Artificial organs within the blood stream are generally associated with flow-induced blood damage, particularly hemolysis of red blood cells. These damaging effects are known to be dependent on shear forces and exposure times. The determination of a correlation between these flow-dependent properties and actual hemolysis is the subject of this study. For this purpose, a Couette device has been developed. A fluid seal based on fluorocarbon is used to separate blood from secondary external damage effects. The shear rate within the gap is controlled by the rotational speed of the inner cylinder, and the exposure time by the amount of blood that is axially pumped through the device per given time. Blood damage is quantified by the index of hemolysis (IH), which is calculated from photometric plasma hemoglobin measurements.
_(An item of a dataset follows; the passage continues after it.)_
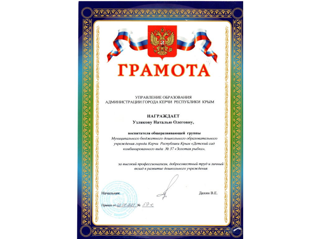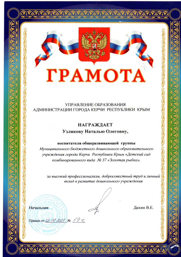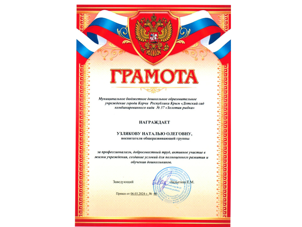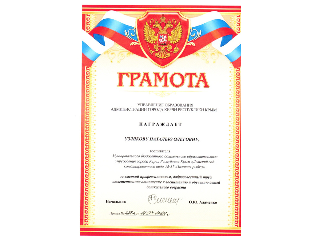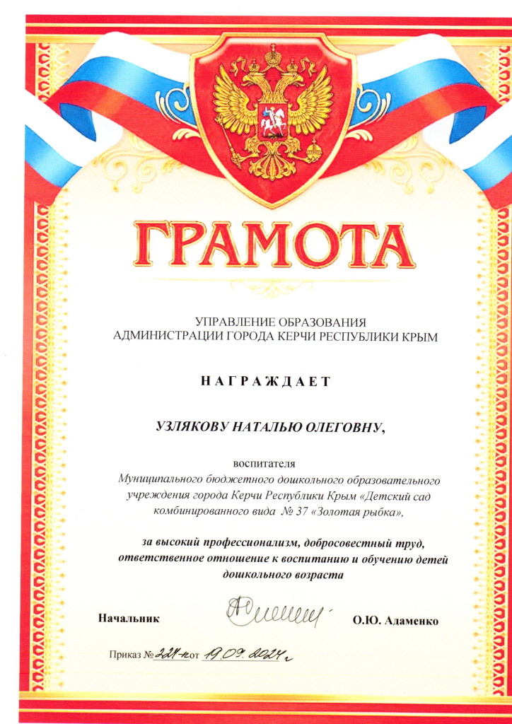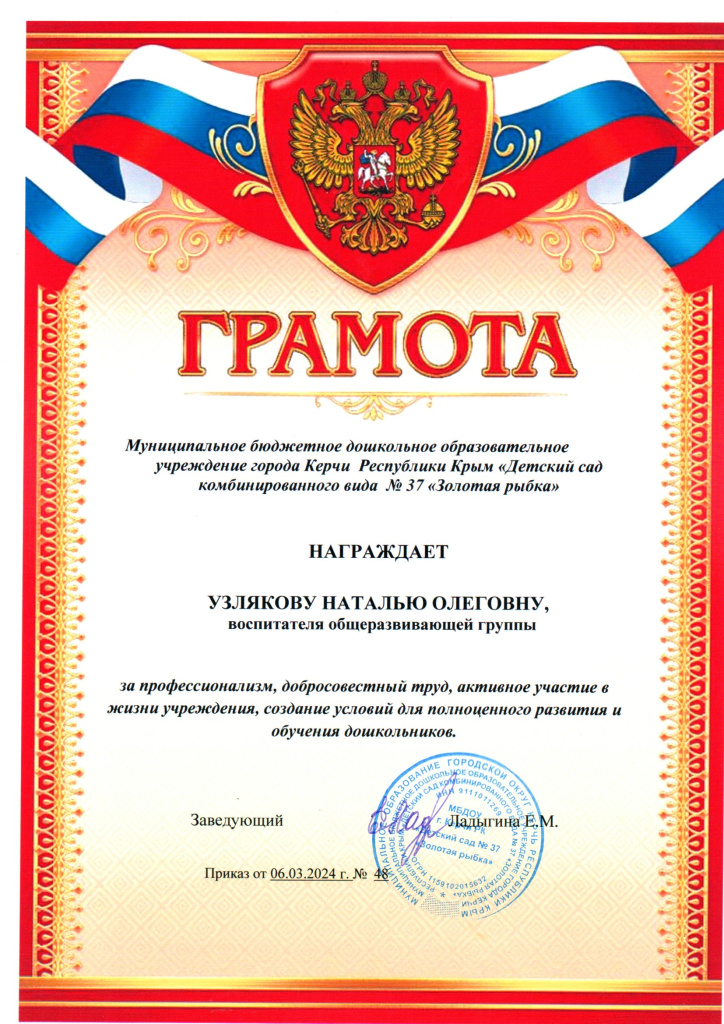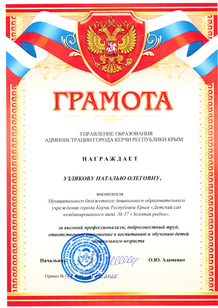 | Воспитатель Муниципального бюджетного дошкольного образовательного учреждения города Керчи Республики Крым «Детский сад комбинированного вида № 37 «Золотая рыбка»

Experiments are conducted at exposure times from texp=25 - 1250 ms and shear rates ranging from tau=30 up to 450 Pa ensuring Taylor-vortex free flow characteristics. Blood damage is remarkably low over a broad range of shear rates and exposure times. However, a significant increase in blood damage can be observed for shear stresses of tau>or= 425 Pa and exposure times of texp>or= 620 ms. Maximum hemolysis within the investigated range is IH=3.5%. The results indicate generally lower blood damage than reported in earlier studies with comparable devices, and the measurements clearly indicate a rather abrupt (i.e., critical levels of shear stresses and exposure times) than gradual increase in hemolysis, at least for the investigated range of shear rates and exposure times.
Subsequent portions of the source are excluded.